Task item>
Reproduce exactly, from the data that follows, the line with "Moderné svietidlá vyrobené", the line with "Водяной полотенцесушитель Aquanet", and every line that lies between them.

Recorded information>

·····

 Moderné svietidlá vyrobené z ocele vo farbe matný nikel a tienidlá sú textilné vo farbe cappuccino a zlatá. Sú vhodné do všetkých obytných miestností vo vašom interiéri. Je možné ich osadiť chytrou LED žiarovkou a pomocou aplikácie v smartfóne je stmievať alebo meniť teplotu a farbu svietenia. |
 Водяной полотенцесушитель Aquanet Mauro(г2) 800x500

·····

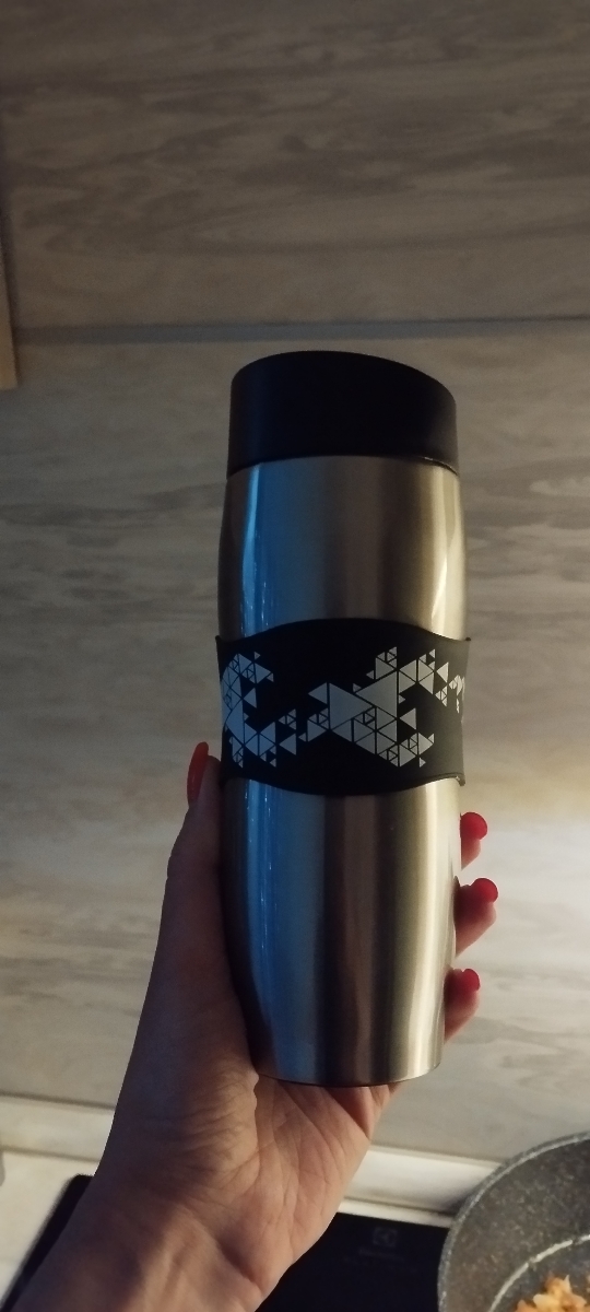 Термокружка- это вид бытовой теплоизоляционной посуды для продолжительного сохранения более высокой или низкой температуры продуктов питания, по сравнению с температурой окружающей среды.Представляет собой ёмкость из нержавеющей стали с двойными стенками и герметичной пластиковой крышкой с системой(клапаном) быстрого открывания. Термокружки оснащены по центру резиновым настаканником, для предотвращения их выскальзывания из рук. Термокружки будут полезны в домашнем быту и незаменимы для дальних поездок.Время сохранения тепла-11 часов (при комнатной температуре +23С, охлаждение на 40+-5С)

·····

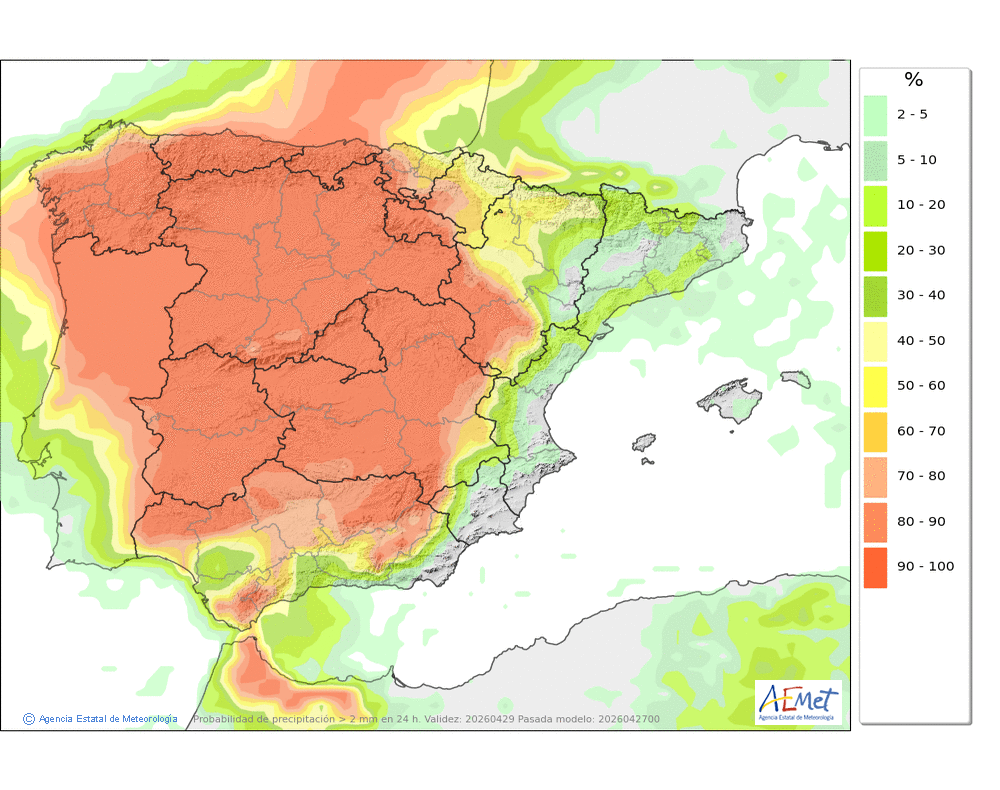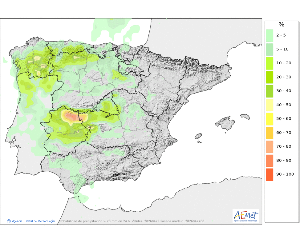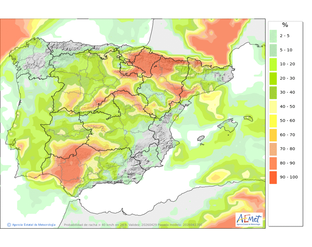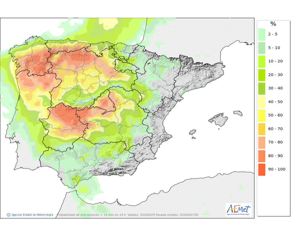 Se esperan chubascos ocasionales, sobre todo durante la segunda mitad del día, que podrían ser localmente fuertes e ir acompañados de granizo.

·····

Response area>
 Moderné svietidlá vyrobené z ocele vo farbe matný nikel a tienidlá sú textilné vo farbe cappuccino a zlatá. Sú vhodné do všetkých obytných miestností vo vašom interiéri. Je možné ich osadiť chytrou LED žiarovkou a pomocou aplikácie v smartfóne je stmievať alebo meniť teplotu a farbu svietenia. |
 Водяной полотенцесушитель Aquanet Mauro(г2) 800x500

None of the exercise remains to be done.